■ Exercise objective:
Exactly the lines below from the line with "European and American" through the line with "8月17日,在德國北威州杜塞爾多夫,一只小狗在萊茵河畔玩耍。" must make up the answer, both ends included and pictures left out.

Records from a dataset
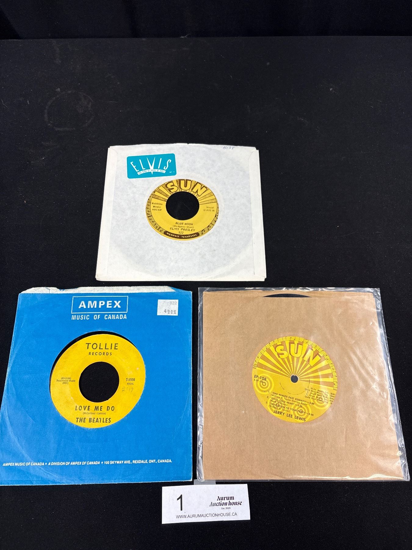 Lot of 3 Old 45 Records, Elvis Presely, The Beatles and Jerry Lee Lewis Sun Records
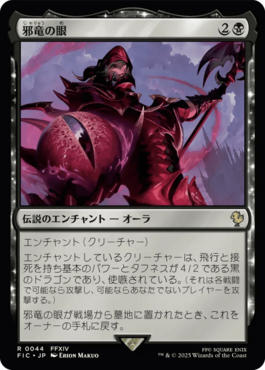 エンチャント(クリーチャー)エンチャントしているクリーチャーは、飛行と接死を持ち基本のパワーとタフネスが4/2である黒のドラゴンであり、使嗾されている。(それは各戦闘で可能なら攻撃し、可能ならあなたでないプレイヤーを攻撃する。)邪竜の眼が戦場から墓地に置かれたとき、これをオーナーの手札に戻す。
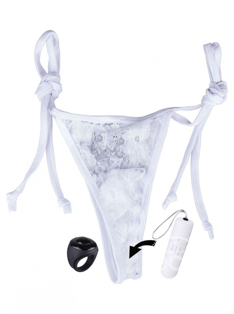 Put the power of pleasure into shoppers' hands with My Secret Vibrating Panty Set, a super-powered vibrating bullet that fits discreetly into a side-tie lace panty to keep it perfectly in place. Operated by a remote control disguised as a finger ring, the My Secret Vibrating Panty Set works from up to 50 feet away makes it fun and easy for couples to play in public. When worn in the panty's pocket, the powerful Bullet sits comfortably against the body and buzzes with 10 different vibration functions designed to tease, please and make her plead for more. Discreet enough to wear under clothing and out on the town and sexy enough to match with any lingerie, the My Secret Vibrating Panty Set is a sexy solution for spicing up any sex life! – Latex and phthalate-free – Wireless – Water Resistant – Requires AG13 Battery – 80+ Minutes of battery life
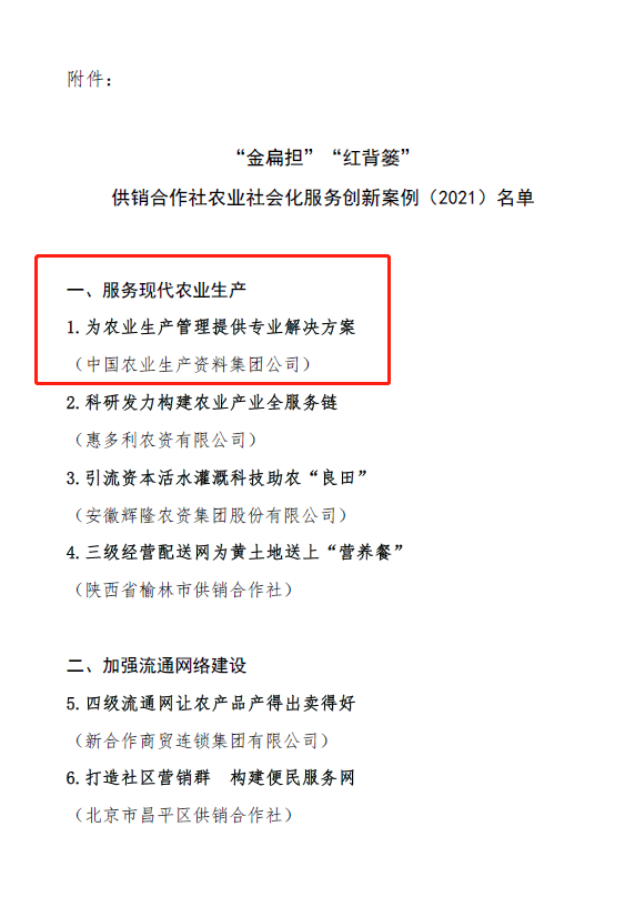 12月17日,“金扁担”“红背篓”供销合作社农业社会化服务创新案例(2021)正式发布。在25个案例中,中农集团入选供销合作社“服务现代农业生产”创新案例。近期农业农村部办公厅印发《关于全国农业社会化服务创新试点单位的批复》(农办经〔2021〕15号),中农集团旗下中农吉星现代农业技术服务有限公司、河北新合作裕丰农业发展有限公司被确定为全国农业社会化服务创新试点单位。
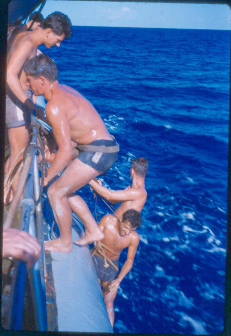 |  Lavage de la coque à vitesse réduite, la veille de l'arrivée à Papeete.
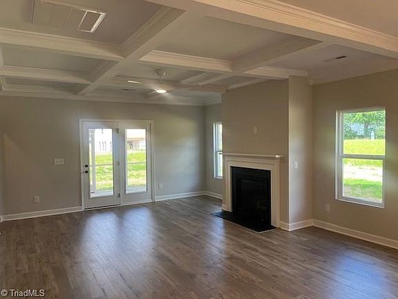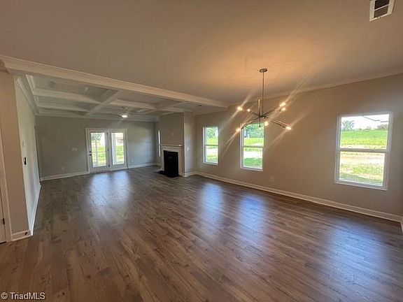 Gas log fireplaceGourmet kitchenLaminate hardwoodCoffered ceilingCrown moldingOpen floor planBeautiful finishes
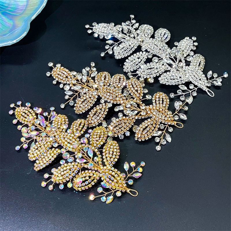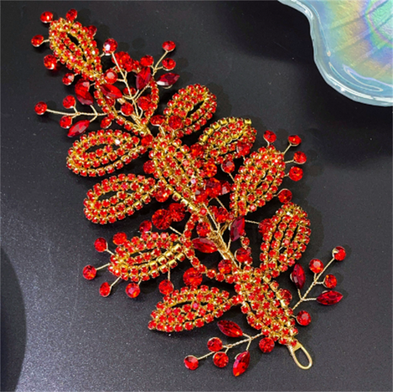 European and American handmade rhinestone headband, original design, new bride headpiece, colorful leaf hair accessories
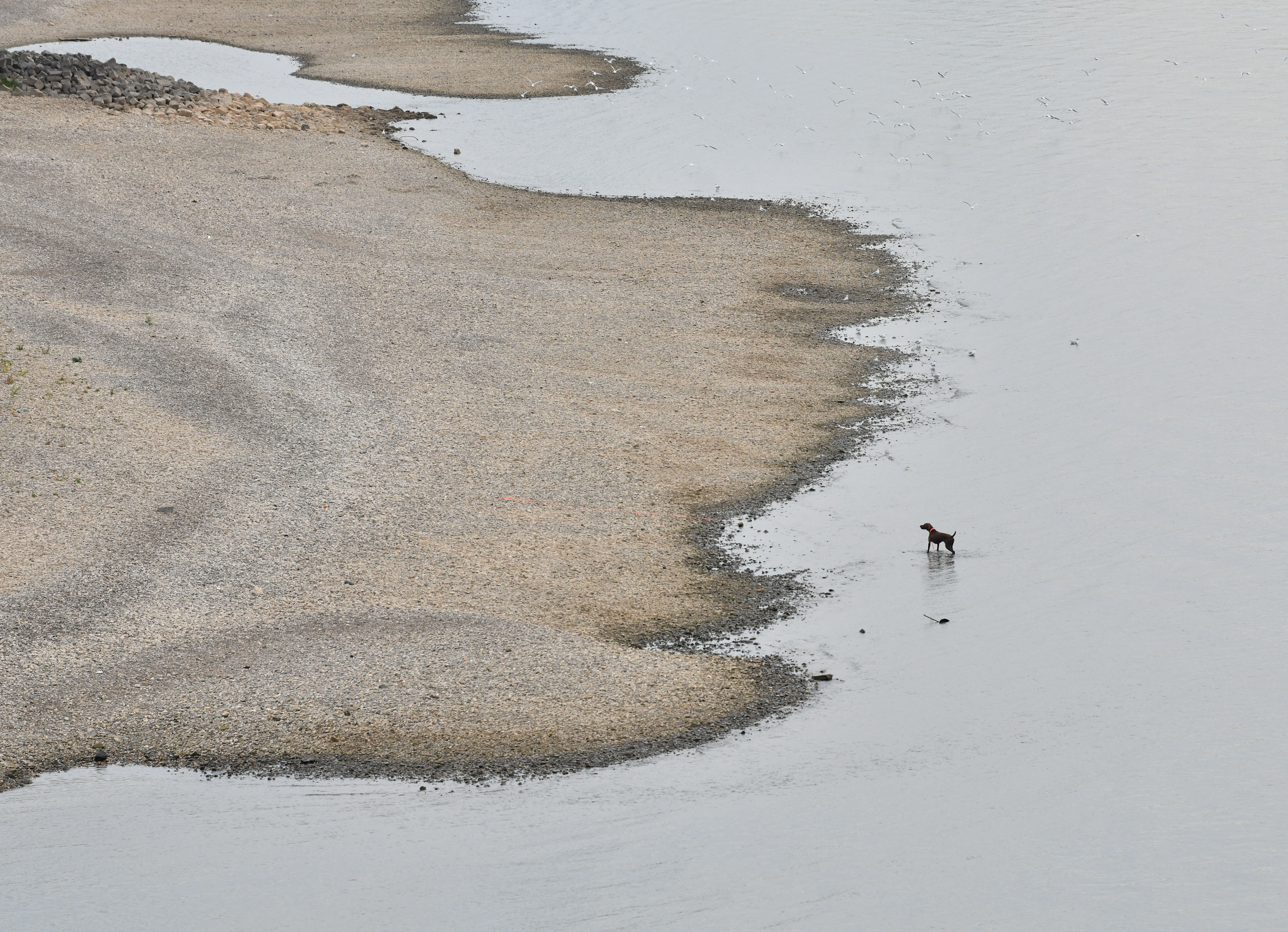 8月17日,在德國北威州杜塞爾多夫,一只小狗在萊茵河畔玩耍。
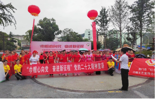 荆门市东宝区妇联、东宝区妇女健身协会在北门社区举办“巾帼心向党·奋进新征程”庆祝中国共产党成立102周年“荆门红色娘子军”庆“七一”文艺展演活动。活动现场,“红色娘子军”巾帼宣讲员作党的二十大精神宣讲,广大妇女群众通过广场舞、腰鼓舞、女声独唱、诗朗诵等多种形式表达了对党的无限热爱。
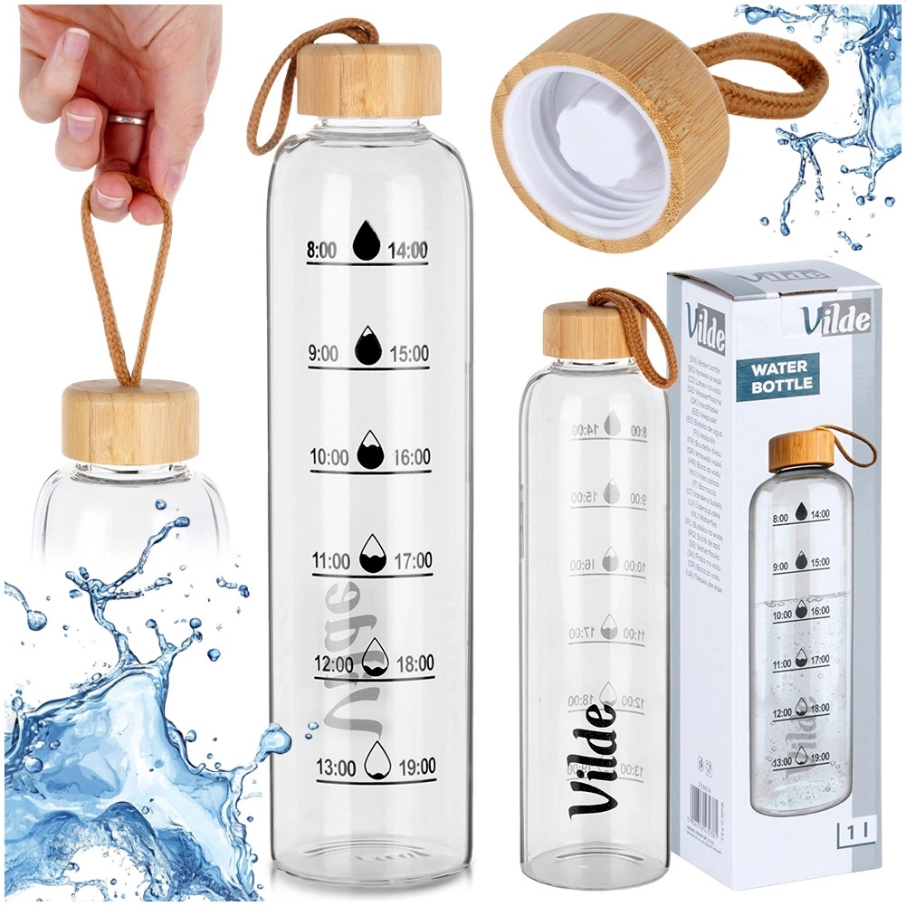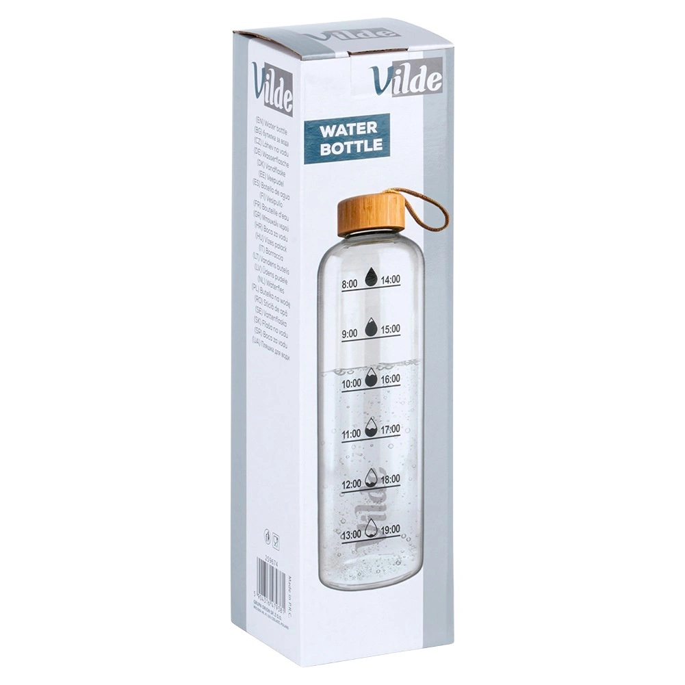 La botella de vidrio VILDE ofrece un diseño limpio y prestaciones prácticas para el día a día. Fabricada en vidrio de borosilicato, ligero, resistente y capaz de soportar cambios de temperatura, para que disfrutes de agua, té o limonadas caseras. La tapa de bambú con junta de silicona mantiene el contenido de forma segura en el interior y, gracias al asa, se transporta con facilidad.
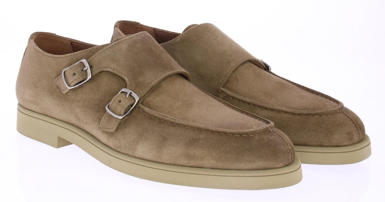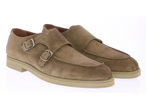 Taupe suede heren dubbele gesp schoen van Greve. Uitgevoerd op een licht gewicht zool met leren voering. De binnenzool is uitneembaar.
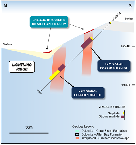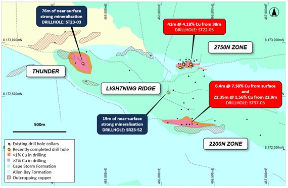 Exploration RC drill hole SR23-52 was drilled to a depth of 119m and completed in a largely untested area of significant outcropping chalcocite (Figures 3 and 4). The drill hole was designed to test an untested airborne VTEM target in an area with a single, shallow historical drill hole (ST97-06 2.6m core length @ 6.83% Cu from 35.4m), midway between the high-grade 2750N and 2200N Zones.
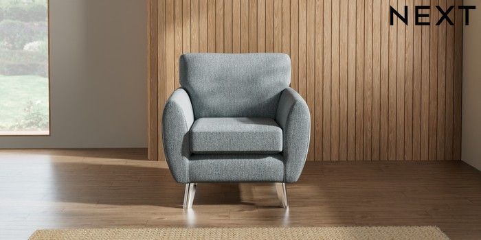 7.3.1 Buy Wilson Armchair Chunky Weave Mid Blue Metal Tapered - Chrome from the Next UK online shop
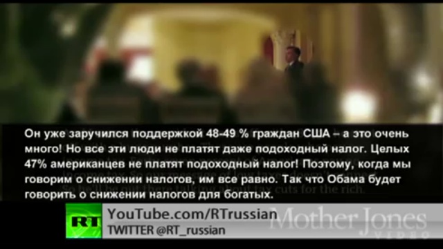 Эти кадры были сделаны на закрытом мероприятии по сбору средств на предвыборную кампанию Ромни. Кандидат в президенты США назвал половину американцев дармоедами, утверждая, что «47% граждан, которые поддерживают Обаму, зависят от правительства и считают себя жертвами, о которых власти должны заботиться».
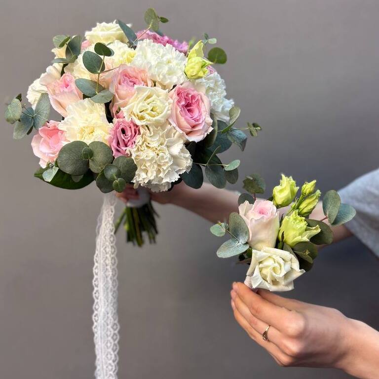 Диантус, Роза, Эвкалипт, Эустома;
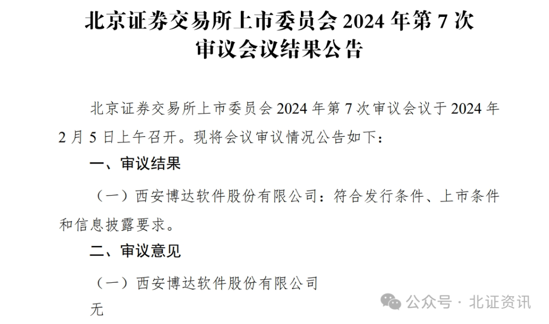 2月5日,北交所上市委举行2024年第7次审议会议,二次上会的博达软件“符合发行条件、上市条件和信息披露要求”,终于成功“过关”。博达软件于去年6月29日获北交所受理上市材料,经过两轮问询后,于2023年11月29日首次上会但被暂缓。
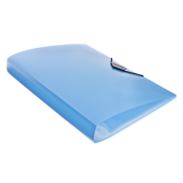 Папка с файлами Calligrata TOP "Breeze" формата А4 предназначена для хранения документов без предварительной перфорации. Изготовлена из полипропилена повышенной толщиной 0,7 мм, тиснение "кожа", цвет голубой топаз. Имеет 60 прозрачных вкладышей для удобного хранения и демонстрации документов. Надёжная застежка — резинка, крепится на удобную центральную и стильную кнопку. Файловая папка вмещает до 120 листов.

■ Completed task:
 European and American handmade rhinestone headband, original design, new bride headpiece, colorful leaf hair accessories
 8月17日,在德國北威州杜塞爾多夫,一只小狗在萊茵河畔玩耍。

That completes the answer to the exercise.